さらに、「現在上司がいる」と回答した487名に「上司への忖度経験」を尋ねた。すると、「ある」は71.8%(とてもある:11.7%、ある:29.3%、どちらかといえばある:30.8%の計)と、7割におよんだ。

そこで、「上司への忖度経験あり」と回答した部下277名に「具体的な場面」を尋ねた結果、「気に入られるために同調をしておく」(58.1%)が最も多かった。以下、「衝突しないよう自分の意見を控える」(48%)、「自身の評価を下げないため批判的意見は避ける」(45.8%)と続いた。
上司に忖度した経験/具体的な忖度の内容

全体の6割超が「部下が上司に合わせる」に賛成。
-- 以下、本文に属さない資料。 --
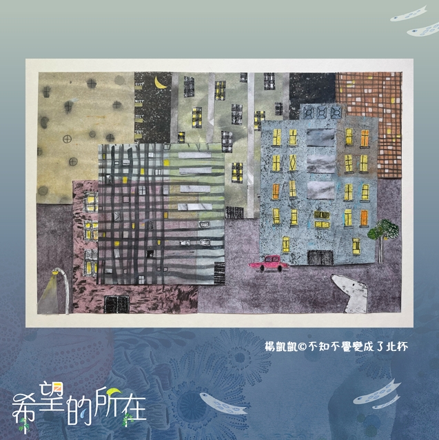 《不知不覺變成了北杯》從作品名稱便能感受到時光的流逝無力,凱凱畫下「只要秉持信念,有扇窗會為你而敞開。」
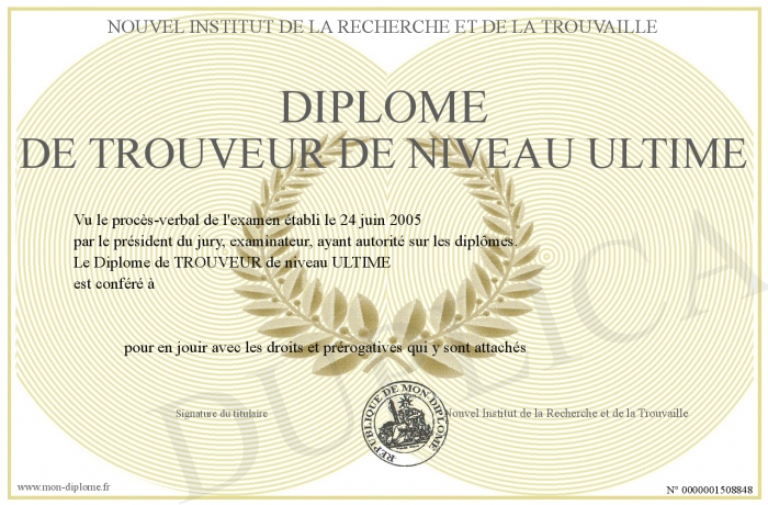 Envoyez par email votre Diplôme de TROUVEUR de niveau ULTIME personalisé
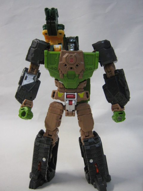ハードヘッド(国内版)にヘッドオン!国内版ハードヘッドの薄茶色の関節などはあまり好みでは無かったのですが、スカイトレッドの色とかなりいい相性!いい意味でモブ臭がしますね。ブローンは普通に似合っていますが、彼は怪力がウリのキャラなので腕っぷしが強そうなボディに合体させたい所。でもミニビークルを肩に装備させるのが気に入っています。

立場別の回答では上司・部下ともに「賛成派」が多数

最後に同社は、回答者全体に対して「上司と部下の振る舞いへの賛否」を聞いた。すると、「“部下が上司に合わせる”に賛成」が66.4%(部下が合わせるにとても賛成:6.8%、部下が合わせるに賛成:16.4%、どちらかといえば部下が合わせるに賛成:43.2%の計)と、6割を超えた。
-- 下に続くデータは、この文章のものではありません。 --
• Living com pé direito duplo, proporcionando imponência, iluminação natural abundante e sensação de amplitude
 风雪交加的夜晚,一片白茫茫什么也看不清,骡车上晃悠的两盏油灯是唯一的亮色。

上司/部下別の回答をみると、上司の「“部下が上司に合わせる”に賛成」が65.4%と最多で、部下の同回答割合は64.8%となった。
「部下が上司に合わせる」と「上司が部下に合わせる」の賛成意見
本調査結果から、“部下に求められること”の変化を「実感する」との回答は8割に迫り、特に昨今では「プライベートの優先度」に対して変化を感じていることがわかった。また、上司の9割以上が「部下への忖度経験がある」と回答したものの、全体の6割以上が「部下が上司に合わせる」ことに賛成だった。「上司の意見に従う」など部下からは“受動的”な意識がうかがえた一方、上司は部下に対し“能動的”な動きを期待しており、立場の違いで理想と実態にギャップが生じていることも推察できる。今後は双方が、“上司も部下に忖度する時代”を前提としたコミュニケーションを取っていく必要がありそうだ。